Thousands of chassidim were attracted to the Pshis'cha approach to Chassidism that Rabbi Bunam advocated, accentuating Torah study, introspection, and self searching....

Collections of his thoughts on the Torah were published by his followers under the titles Kol Simcha, Ramatayim Tzofim, Chedvat Simcha, and others.

And here's a story:

Rabbi Simcha Bunam once said, "I have learned the meaning of love by overhearing a conversation between two Polish peasants in a tavern. They were somewhat inebriated and one said to the other "Do you love me? And the other answered ‘of course I do’ and he continued ‘Then tell me where I hurt.
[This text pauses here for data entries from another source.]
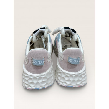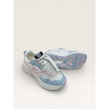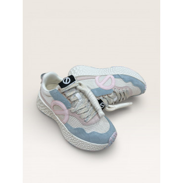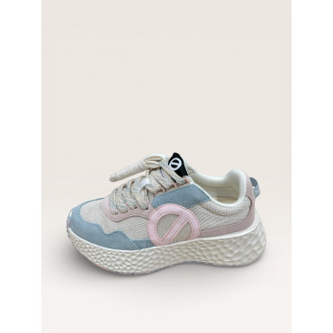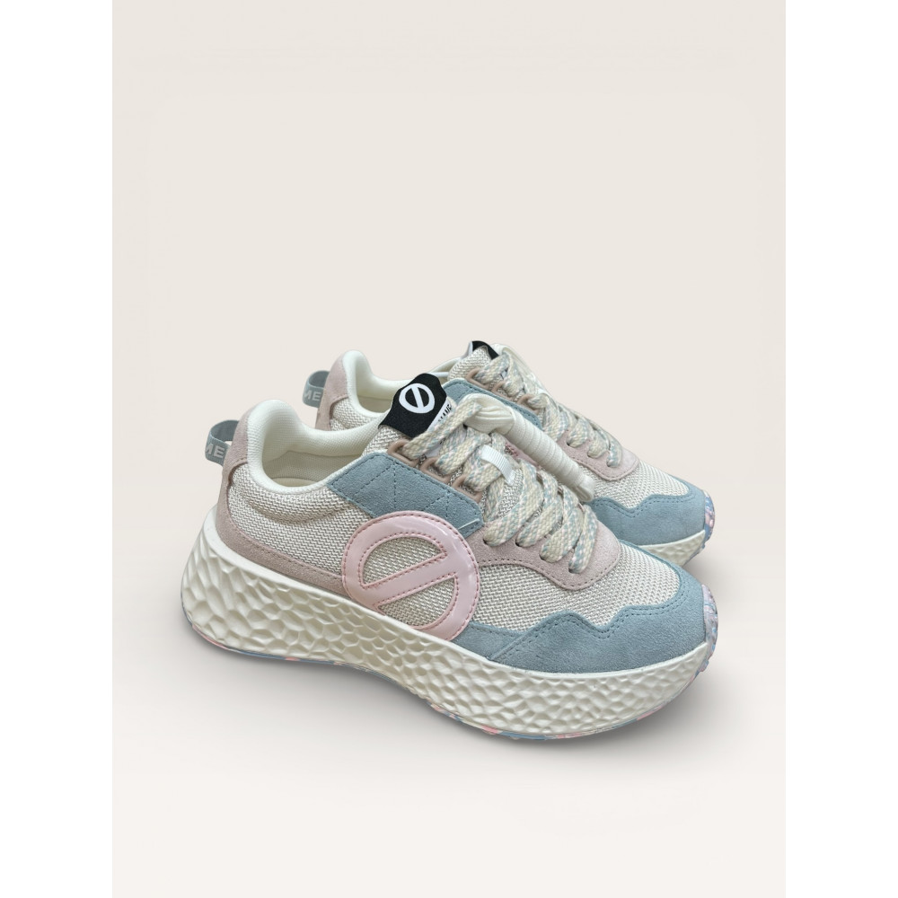 NO NAME BASKET COMPENSEE CARTER JOGGER EN CUIR VELOURS BLEU CIEL ET ROSE A LACETS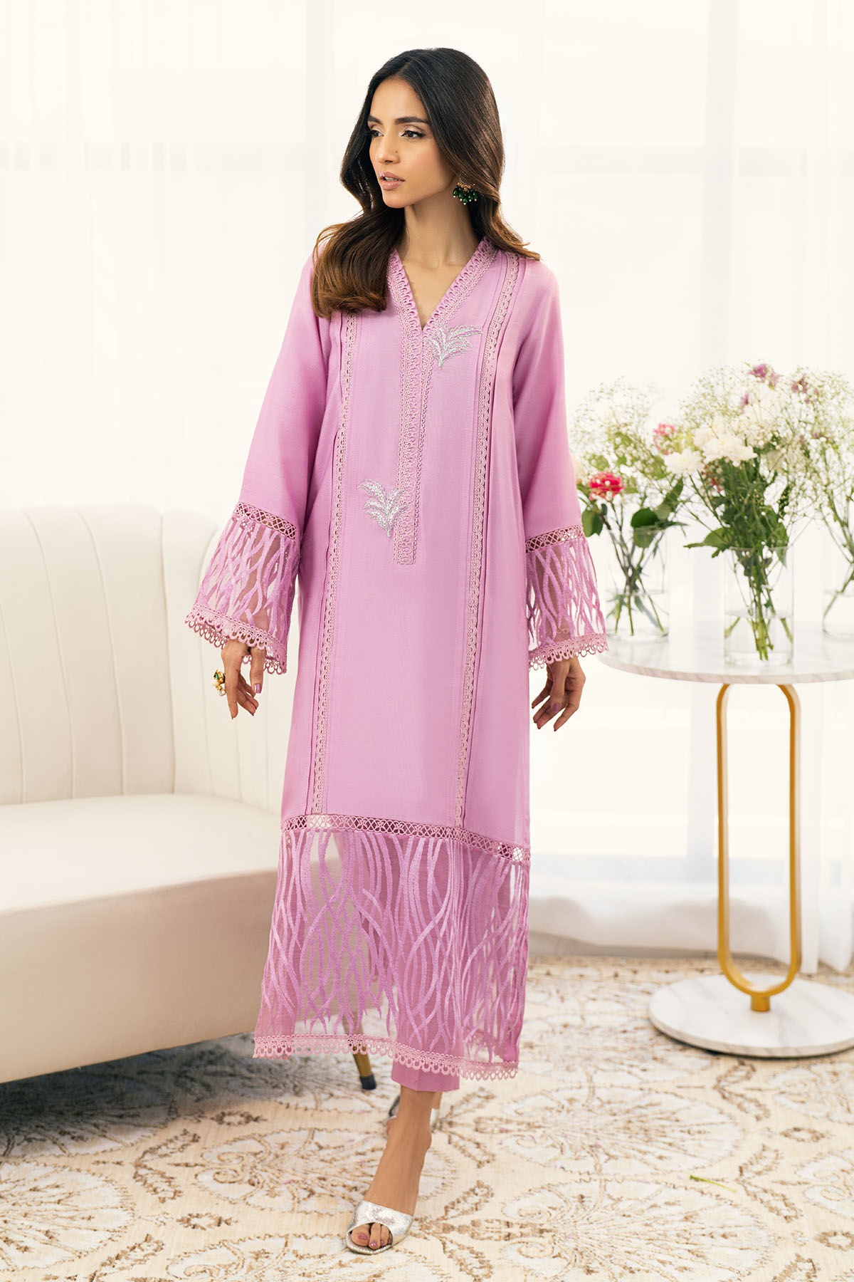 Long silhouette cotton net shirt in a pretty sorbet pink shade featuring lace details on centre front. The hemline is adorned with organza panel and finished with lace details. The neckline is further adorned with handcrafted leaf embellished details in silk thread and zari. The shirt can be paired with straight matching pants.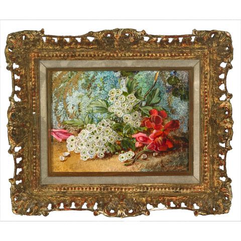 RED AND WHITE BLOSSOMS ON A MOSSY BANK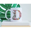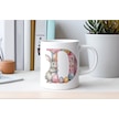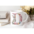 D Harfli Tavşan Kupa - Patchwork / Yamalı Desenli İsme Özel Kupa - Pastel Vintage Tarz Hediyelik Beyaz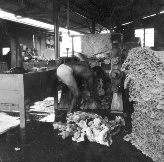 Título: Interior da Companhia Nacional de Borracha vendo-se a borracha em crepe em Manaus (AM)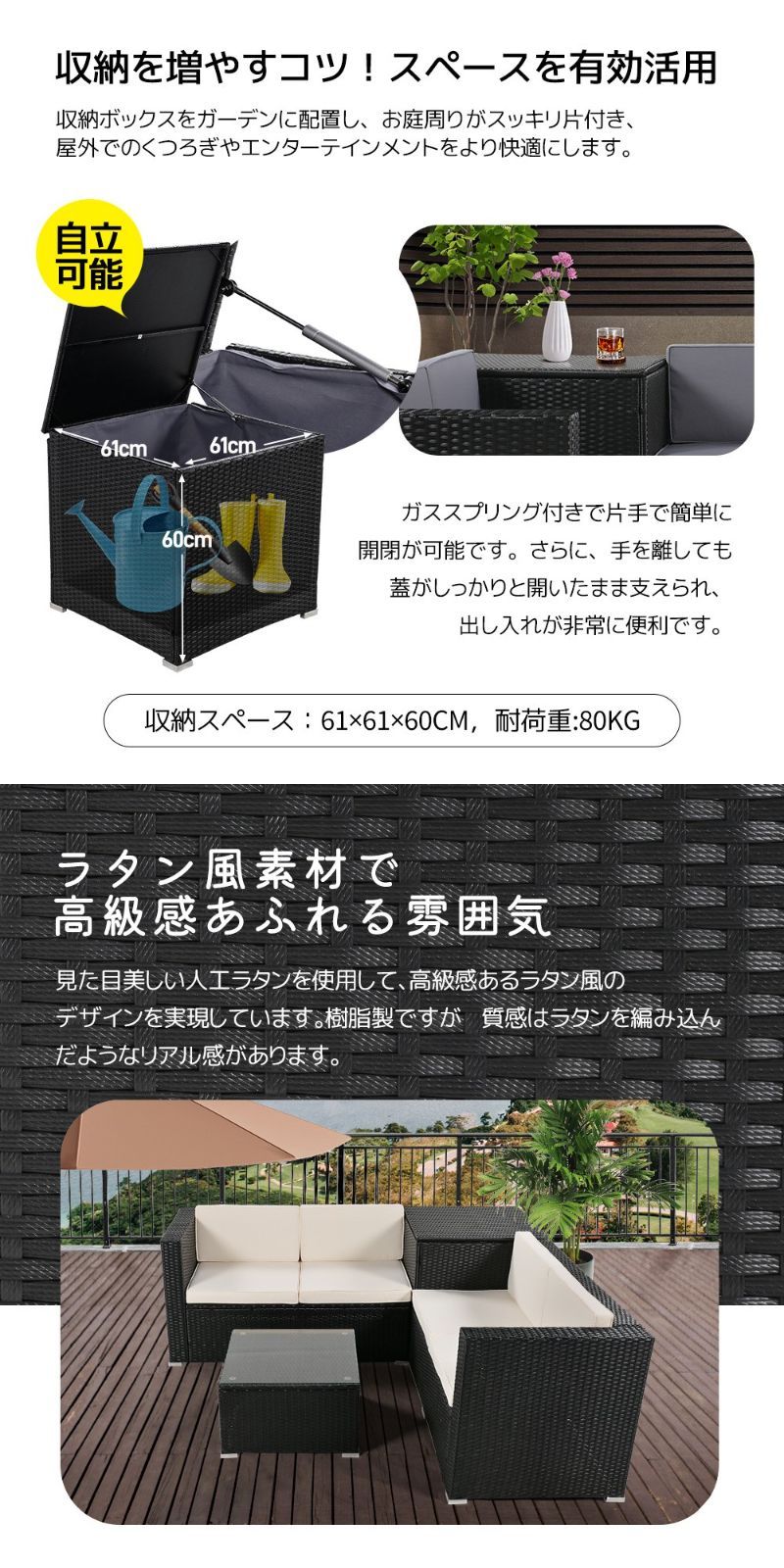 ガーデンファニチャー 4点 収納付き ガーデン クッション付き ラタン調 家具 アウトドア ソファーセット ホテル カフェ ベランダ おしゃれ

And the other said ‘I do not know.’ Then the first man responded ‘Then how can you say you really love me.’ Rabbi Bunam continued, "to be a friend is to know where the other hurts."

But if you want to know more about the Rabbi, check Zoominfo, which generated information on him based upon 23 Internet sources. They were even able to ascertain his employment history. (He was a rabbi.)

However, Zoominfo does not list me. (I checked under my real name, and I'm not listed there either. But neither is Kiira Korpi.)